Completeness Statements with Provenance. Just as data can be wrong, completeness statements can be wrong, too. Moreover, as data may change over time, completeness statements can be out-of-date. As a possible solution, one can add provenance information. Adding information about the author and reference of completeness statements may be useful to check the correctness of the statements, while attaching timestamps would provide timeliness information to the statements.

No-Value Information. Completeness statements can also be used to represent the non-existence of information. For example, in our motivating scenario, there is the completeness statement about the children of Ted with no corresponding data in the graph. In this case, we basically say that Ted has no children. As a consequence of having no-value information, we can be complete for queries despite having the empty answer. Such a feature is similar to that proposed inĀ [17]. The only difference is that here we need to pair completeness statements with a graph that has no corresponding data captured by the statements, while in that work, no-value statements are used to directly say that some parts of data do not exist.

10 Conclusions and Future Work

The availability of an enormous amount of RDF data calls for better data quality management. In this work, we focus on the data quality aspect of completeness. We develop a technique to check query completeness based on RDF data with its completeness information. To increase the practical benefits of our framework, we identify a practically relevant fragment of completeness information upon which an indexing can be implemented to optimize completeness check, and develop COOL-WD, a completeness management tool for Wikidata.

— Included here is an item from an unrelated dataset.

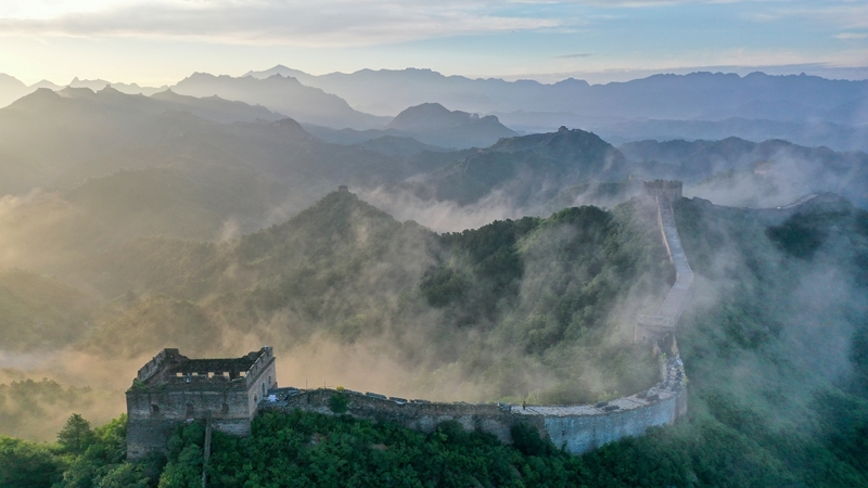 8月25日清晨,位于河北省承德市灤平縣的金山嶺長(zhǎng)城出現(xiàn)云海景觀。涌動(dòng)的云海與長(zhǎng)城、山巒相互交融,壯美如畫。

For future work, we would like to investigate indexing techniques for more general cases. One challenge here is that how to index the arbitrary structure of completeness statements. Another plan is to develop a technique to extract completeness statements on the Web. To do so, we in particular want to detect if a Web page contains completeness statements in natural language, and transform them into RDF-based completeness statements. Last, we also want to increase the expressivity of queries, say, to also handle negations. Queries with negations are especially interesting since negation naturally needs complete information to work correctly.